In the Global South, the creation of publicly owned Creative Commons licensed education material needs to be paid for by the people who can afford to write the checks. In some cases that will be governments that get grants from the North. In others, philanthropy will pay for the materials and provide them directly to schools and teachers bypassing the governments. The business model of education in the United States doesn’t work in the Global South.

When philanthropists or governments in the Global South pay to create educational materials they don’t want to be providing raw materials for a product for which for-profit companies will generate revenue. That’s why CC BY NC licenses are the only practical option. The materials can still be developed for the South and sold to institutions in the North willing to pay, but the creators need to be more than adequately included by choice in the revenue generated.

If we really do want to:
     Boost rigorous instruction, student feedback, and assessment in all content areas;
     Provide scalable and timely student support;
     And expand opportunities for quality teacher professional development,

CC BY NC is the new Standard.

Sunday, May 5, 2024

OER Kicked to the Curb

It looks like OER has been kicked to the curb.

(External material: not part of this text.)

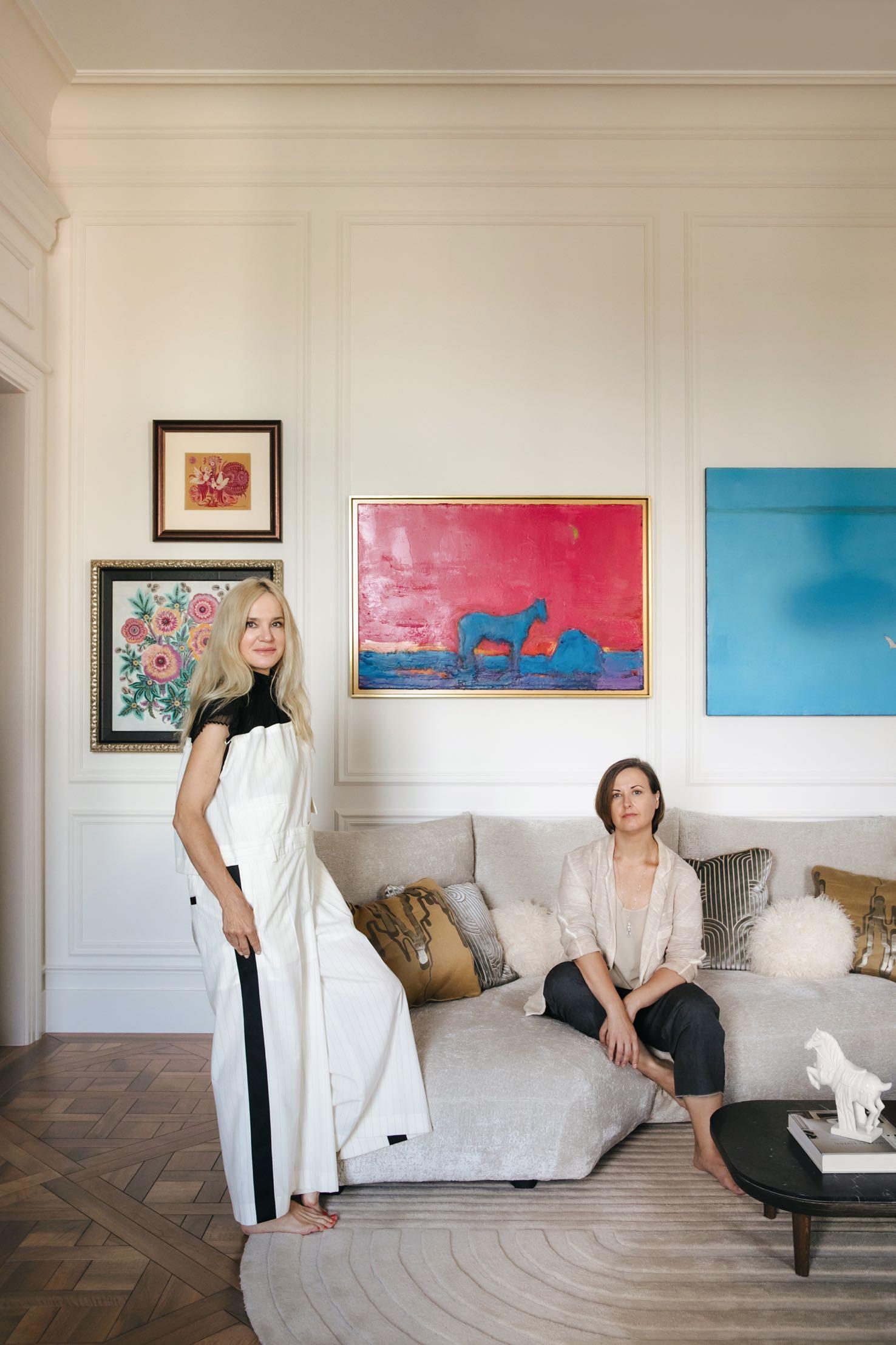 cobalt vase made from blown glass and a hand-painted jewelry box by Italian artist Filippo Carandini. Nearby there are Glass Italia’s side table and Warm Nordic’s Fried Egg armchair by Hans Olsen. The art collection in this apartment deserves special attention. It features works by some of the most renowned contemporary Ukrainian artists, whose creations have become part of Ukraine's cultural heritage. The room is complemented by Muuto rug and decorative cushions made from Misia Paris and Lamaison Pierre Frey fabrics.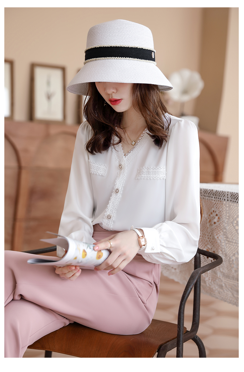 职业衬衫女时尚洋气法式少女气质设计感小众内搭长袖蕾丝花边衬衣

In early 2022, The U.S. Department of Education turned the responsibility of promoting open educational resources (OER) over to ISKME. Recently, the Go Open National Network, the ISKME entity that is the steward of the Go Open Movement, offered a webinar on the 2024 National Education Technology Plan (NETP.) They tried to connect the NETP to OER but weren’t able to explain why OER isn’t even mentioned in the The Plan. 

 In the 113h pages of the 2024 NETP all kinds of things related to education and technology are mentioned. It’s a 113 page laundry list of everything you might want to include in education technology related topics EXCEPT OER. One of the panelists from North Carolina, a state that has theoretically embraced OER, said in the webinar that only about 20% of their teachers visit the state's repository of OER. Visiting the repository, of course, doesn’t mean that the Resources are actually being used in the classroom. The panelist then admitted that it doesn’t appear that there is adequate support in schools for teachers to become proficient at finding, adapting, and using OER. 

The NETP features a few hundred mentions of UDL, a proprietary framework that also doesn't talk about OER. If you don't have permission and don't know how to modify educational resources at the classroom level and don't have adequate support, you can't really Design or USE content that provides universal ACCESS. 

 In the webinar, I asked - Where is OER mentioned in the NETP other than as an anecdote? The response from one of the primary authors of The Plan was that it was a framework or a vision of what they’d like to see in classrooms and what we need to focus on in order for that vision to come to life. But regarding OER, the author said there’s other places where things like OER can be connected to the NETP. Which means that the NETP doesn’t explicitly connect OER to the vision of what they’d like to see in the classroom. Go someplace else to find out about how OER can reduce the divides of Use, Design, and Access in teaching and learning; it’s not covered in the NETP.